# Collection entries:
-*-*-

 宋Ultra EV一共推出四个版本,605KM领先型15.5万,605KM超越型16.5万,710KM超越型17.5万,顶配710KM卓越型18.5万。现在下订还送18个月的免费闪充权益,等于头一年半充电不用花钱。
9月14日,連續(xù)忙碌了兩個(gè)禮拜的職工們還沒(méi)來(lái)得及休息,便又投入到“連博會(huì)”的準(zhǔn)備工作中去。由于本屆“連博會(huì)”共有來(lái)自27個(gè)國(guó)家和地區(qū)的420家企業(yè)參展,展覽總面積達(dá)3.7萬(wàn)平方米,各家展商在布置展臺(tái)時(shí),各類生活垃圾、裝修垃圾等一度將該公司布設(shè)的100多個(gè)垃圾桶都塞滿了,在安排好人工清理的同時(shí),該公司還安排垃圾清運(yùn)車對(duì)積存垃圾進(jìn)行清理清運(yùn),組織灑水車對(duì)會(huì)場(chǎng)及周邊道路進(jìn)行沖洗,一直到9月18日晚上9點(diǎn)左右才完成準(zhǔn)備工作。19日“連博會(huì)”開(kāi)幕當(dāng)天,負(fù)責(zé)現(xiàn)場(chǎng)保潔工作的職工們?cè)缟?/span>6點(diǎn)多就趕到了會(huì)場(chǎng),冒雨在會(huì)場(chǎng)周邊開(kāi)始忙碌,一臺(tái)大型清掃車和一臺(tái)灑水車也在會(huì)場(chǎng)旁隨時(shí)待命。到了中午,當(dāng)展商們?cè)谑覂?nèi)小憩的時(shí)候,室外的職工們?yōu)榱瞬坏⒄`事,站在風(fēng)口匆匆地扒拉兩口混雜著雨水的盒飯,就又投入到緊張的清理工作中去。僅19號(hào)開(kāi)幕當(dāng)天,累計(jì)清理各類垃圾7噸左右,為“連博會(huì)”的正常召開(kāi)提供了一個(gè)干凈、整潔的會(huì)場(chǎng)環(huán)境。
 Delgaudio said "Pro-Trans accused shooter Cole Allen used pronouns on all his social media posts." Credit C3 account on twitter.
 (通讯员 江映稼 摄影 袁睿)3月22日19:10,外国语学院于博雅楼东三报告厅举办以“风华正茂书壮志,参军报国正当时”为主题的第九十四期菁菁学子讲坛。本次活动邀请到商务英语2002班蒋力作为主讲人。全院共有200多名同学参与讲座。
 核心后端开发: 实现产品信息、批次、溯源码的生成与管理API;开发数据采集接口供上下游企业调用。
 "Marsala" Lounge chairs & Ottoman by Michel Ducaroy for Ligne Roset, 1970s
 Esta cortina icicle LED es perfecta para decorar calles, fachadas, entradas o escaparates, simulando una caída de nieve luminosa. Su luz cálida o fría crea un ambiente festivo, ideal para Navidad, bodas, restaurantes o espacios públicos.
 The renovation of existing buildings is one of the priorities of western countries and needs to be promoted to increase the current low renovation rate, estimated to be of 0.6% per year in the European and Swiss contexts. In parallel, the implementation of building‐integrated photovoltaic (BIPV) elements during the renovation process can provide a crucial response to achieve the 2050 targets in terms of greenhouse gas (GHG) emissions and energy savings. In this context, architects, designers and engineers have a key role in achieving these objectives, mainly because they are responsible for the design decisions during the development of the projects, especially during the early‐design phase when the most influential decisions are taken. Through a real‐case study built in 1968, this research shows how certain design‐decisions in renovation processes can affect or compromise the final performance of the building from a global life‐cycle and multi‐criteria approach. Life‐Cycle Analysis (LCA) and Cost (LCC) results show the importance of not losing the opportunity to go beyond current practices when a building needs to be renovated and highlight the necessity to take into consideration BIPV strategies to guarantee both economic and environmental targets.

-*-*-

# TASK BRIEF:
All that is wanted is the run of lines from the start of the data through the line containing "9月14日,連續(xù)忙碌", copied word for word.

# EXERCISE RESPONSE:
 宋Ultra EV一共推出四个版本,605KM领先型15.5万,605KM超越型16.5万,710KM超越型17.5万,顶配710KM卓越型18.5万。现在下订还送18个月的免费闪充权益,等于头一年半充电不用花钱。
9月14日,連續(xù)忙碌了兩個(gè)禮拜的職工們還沒(méi)來(lái)得及休息,便又投入到“連博會(huì)”的準(zhǔn)備工作中去。由于本屆“連博會(huì)”共有來(lái)自27個(gè)國(guó)家和地區(qū)的420家企業(yè)參展,展覽總面積達(dá)3.7萬(wàn)平方米,各家展商在布置展臺(tái)時(shí),各類生活垃圾、裝修垃圾等一度將該公司布設(shè)的100多個(gè)垃圾桶都塞滿了,在安排好人工清理的同時(shí),該公司還安排垃圾清運(yùn)車對(duì)積存垃圾進(jìn)行清理清運(yùn),組織灑水車對(duì)會(huì)場(chǎng)及周邊道路進(jìn)行沖洗,一直到9月18日晚上9點(diǎn)左右才完成準(zhǔn)備工作。19日“連博會(huì)”開(kāi)幕當(dāng)天,負(fù)責(zé)現(xiàn)場(chǎng)保潔工作的職工們?cè)缟?/span>6點(diǎn)多就趕到了會(huì)場(chǎng),冒雨在會(huì)場(chǎng)周邊開(kāi)始忙碌,一臺(tái)大型清掃車和一臺(tái)灑水車也在會(huì)場(chǎng)旁隨時(shí)待命。到了中午,當(dāng)展商們?cè)谑覂?nèi)小憩的時(shí)候,室外的職工們?yōu)榱瞬坏⒄`事,站在風(fēng)口匆匆地扒拉兩口混雜著雨水的盒飯,就又投入到緊張的清理工作中去。僅19號(hào)開(kāi)幕當(dāng)天,累計(jì)清理各類垃圾7噸左右,為“連博會(huì)”的正常召開(kāi)提供了一個(gè)干凈、整潔的會(huì)場(chǎng)環(huán)境。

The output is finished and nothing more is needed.